Rather than focusing on the company's financials, the report "Why Most Facebook Users Get More Than They Give" sheds light on how Facebook's 845 million users engage with Facebook and what they get out of it.

The findings show that social interactions on Facebook closely mirror social interactions in the real world.

For example, over the course of a one-month period, researchers found that women made an average of 11 updates to their Facebook status, while men averaged only six. Also, women were more likely to comment on other people's status updates than men.

"There was a general trend in our data that women use Facebook more than men," said Keith Hampton, a professor at Rutgers and lead author of the report. "This is a phenomenon that is not unique to Facebook. Women are traditionally in charge of social relationships offline, and that seems to be true of the online world as well."

The report says men are more likely to send friend requests and women are more likely to receive them. That's something else we see in the real world -- especially in bars.

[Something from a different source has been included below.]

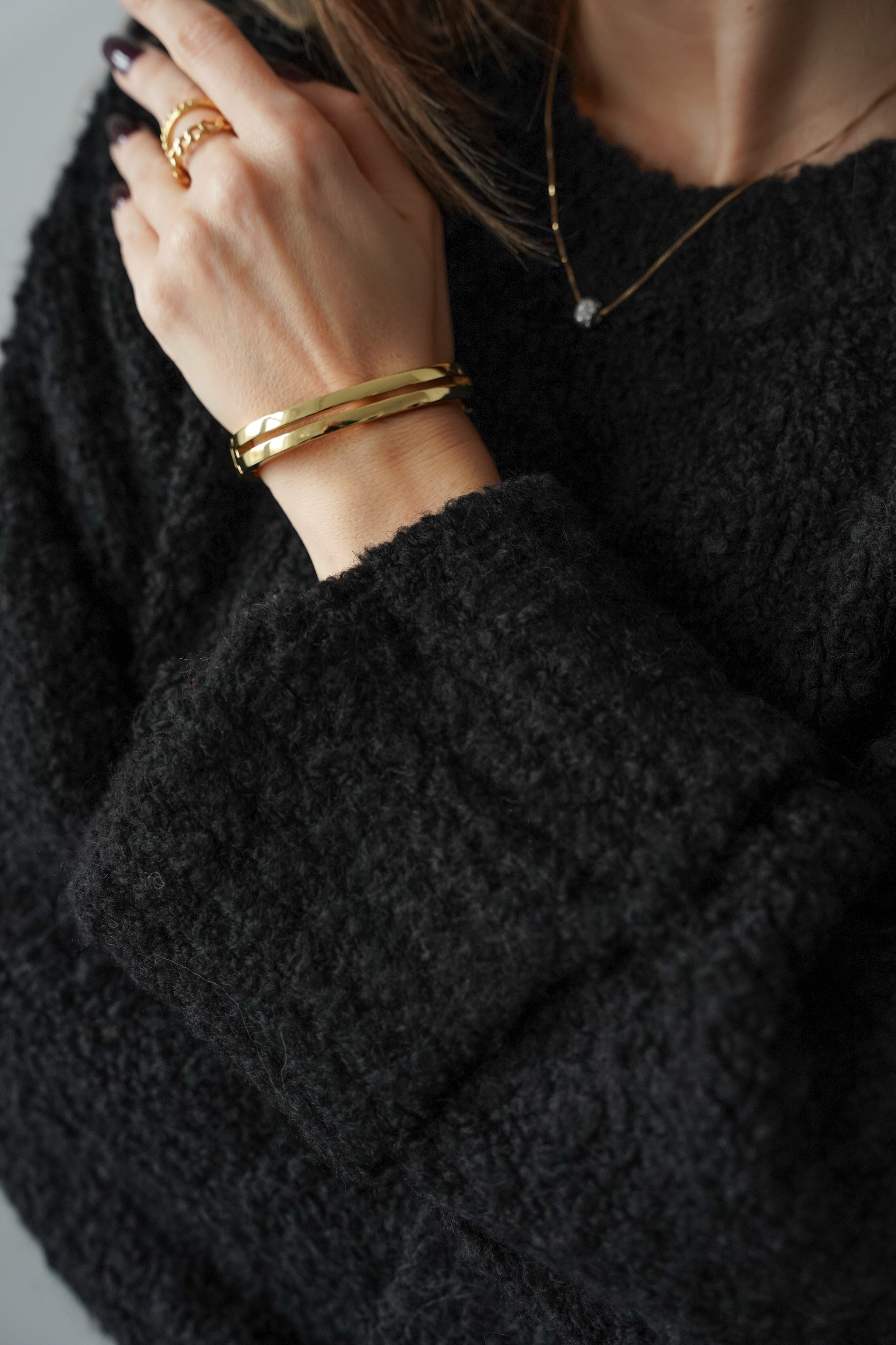 „NORDEN” to oversize’owy sweter o dłuższym kroju, wykonany z unikatowej przędzy typu bouclé, która nadaje mu puszystości i miękkości. Jego podwijane rękawy zakończone mankietem dodają nonszalancji i lekkości. To model inspirowany skandynawskim minimalizmem – ciepły, wygodny i pełen subtelnej elegancji. Idealny do noszenia na co dzień, w duchu quiet luxury.

The report also says that most people who use Facebook get more out of it than they put into it, which may explain why they keep coming back.

Researchers found that 40% of Facebook users in a sample group made a friend request, while 63% received at least one friend request. They found that 12% of the sample tagged a friend in a photo, but 35% were themselves tagged in a photo. And each user in the sample clicked the "like" button next to a friend's content an average of 14 times but had his or her own content 'liked' an average of 20 times.

Why the imbalance?

"There is this 20% to 30% who are extremely active who are giving more than they are getting, and they are so active they are making up for feeding everyone extra stuff," Hampton said. "You might go on Facebook and post something and have time to click 'like' on one thing you see in your news feed, but then you get a whole bunch of 'likes' on your news feed. That's because of this very active group."

He also said extremely active users tend to have a niche: Some are really into friending, others are really into tagging photos, and still others click the 'like' button a lot. Rarely is any one user extreme in all those ways.

I asked Hampton what he could tell me about these extremely active people, whom he calls Facebook "power users." Are they unstoppably social? Unemployed? Lonely?

"It could be people who are always active -- whatever they are doing in their life, they are very active. Or it could be that just in the one month we observed them they are active and another month a different group of people would rise up," he said. "It could be that there is something going on in their life that causes them to be very active, or it could be that some people think of it almost as a job to be active on Facebook."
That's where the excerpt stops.